What is Data Generalization?

Data generalization refers to the creation of successive layers of summary information in an evaluational database. This is the process of zooming in to see a larger picture of a problem, trend, or situation. This is also called rolling-up data.

As companies grow, there are millions to millions of data stored in the database. To manage the data in the data warehouse, an assortment of processes called extract, transform and load (ETL), is performed periodically.

Data warehouses are rich repositories of data. Most of the data is historical company data. Modern data warehouses can also contain data from other sources. The overall business intelligence system of any company greatly benefits from having data from multiple sources. The company can gain a wider perspective, not only about the patterns and trends within the organization, but also the global industrial trends.

It can be difficult to see trends and patterns using the business intelligence system’s analytical outputs. It can be hard to create reports with all the data available, many of which are not consistent (but that is largely fixed by the ETL process).

The network management tools of companies can be affected by dealing with large volumes of data to ensure consistent delivery of business-critical applications. Many businesses have discovered that their existing network management tools are unable to handle the large volume of data needed by organizations to monitor and manage applications and networks.

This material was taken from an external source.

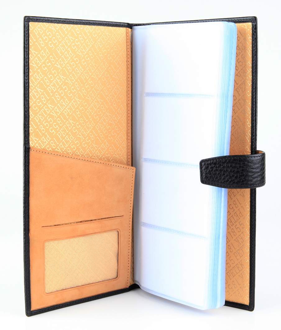 Настольная визитница из натуральной кожи высокого качества. Внутри имеется блок для визиток из 20 плотных пластиковых файлов по 4 отделения. Блок легко вынимается из кожаной обложки. При двустороннем размещении в визитницу помещается 160 карточек. На кожаной обложке внутри имеется дополнительный кармашек и уголок для бумаг.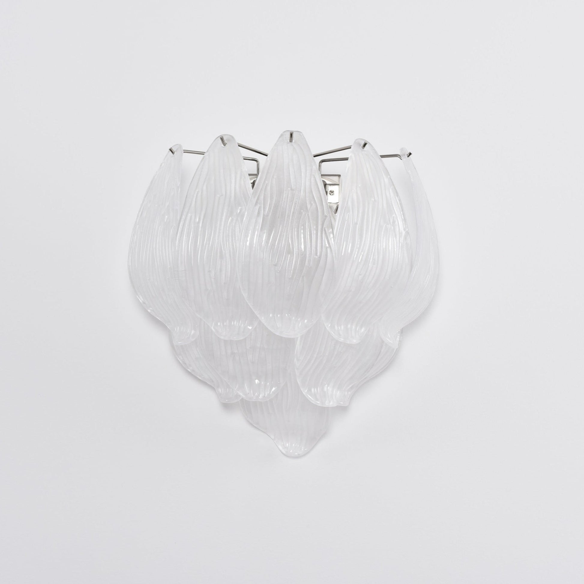 Inspired by the elegance of blooming petals, the Tuliva Murano Wall Lamp features hand-formed Murano glass leaves that cascade in a graceful, organic silhouette. With frosted textures and soft light diffusion, this piece elevates any space with artistic sophistication and timeless charm.

It was difficult for existing tools to capture, store, and report traffic at speed and with the granularity required for network improvements. Some network tools remove the details in order to reduce traffic volume and speed up delivery. They would convert the detailed data into summaries that are hourly, daily, or weekly. Data generalization, or rolling up data as database professionals refer to it, is the process of converting data into summary reports. Data generalization is also beneficial for network management.

Online Analytical Process (OLAP) technology can offer a lot of help with about data generalization. OLAP can be used to quickly answer multidimensional analytical questions. These are often used in conjunction with a larger category of business intelligence. OLAP is primarily used for business reporting. This includes reports for sales, marketing and management.

In the implementation of Online transaction processing (OLTP), data generalization is a key benefit. OLTP is a class system that manages and facilitates transaction-oriented applications, especially those that involve data entry and retrieval. OLTP was created earlier than OLAP and has slight differences from OLTP.

Companies that have used OLTP for a long time cannot simply abandon OLTP and re-engineer to support OLAP. The information system department must create, manage, and support a dual-database system in order to upgrade OLTP. These two databases are the operational and evaluational. The operational database provides data that can be used to support OLTP.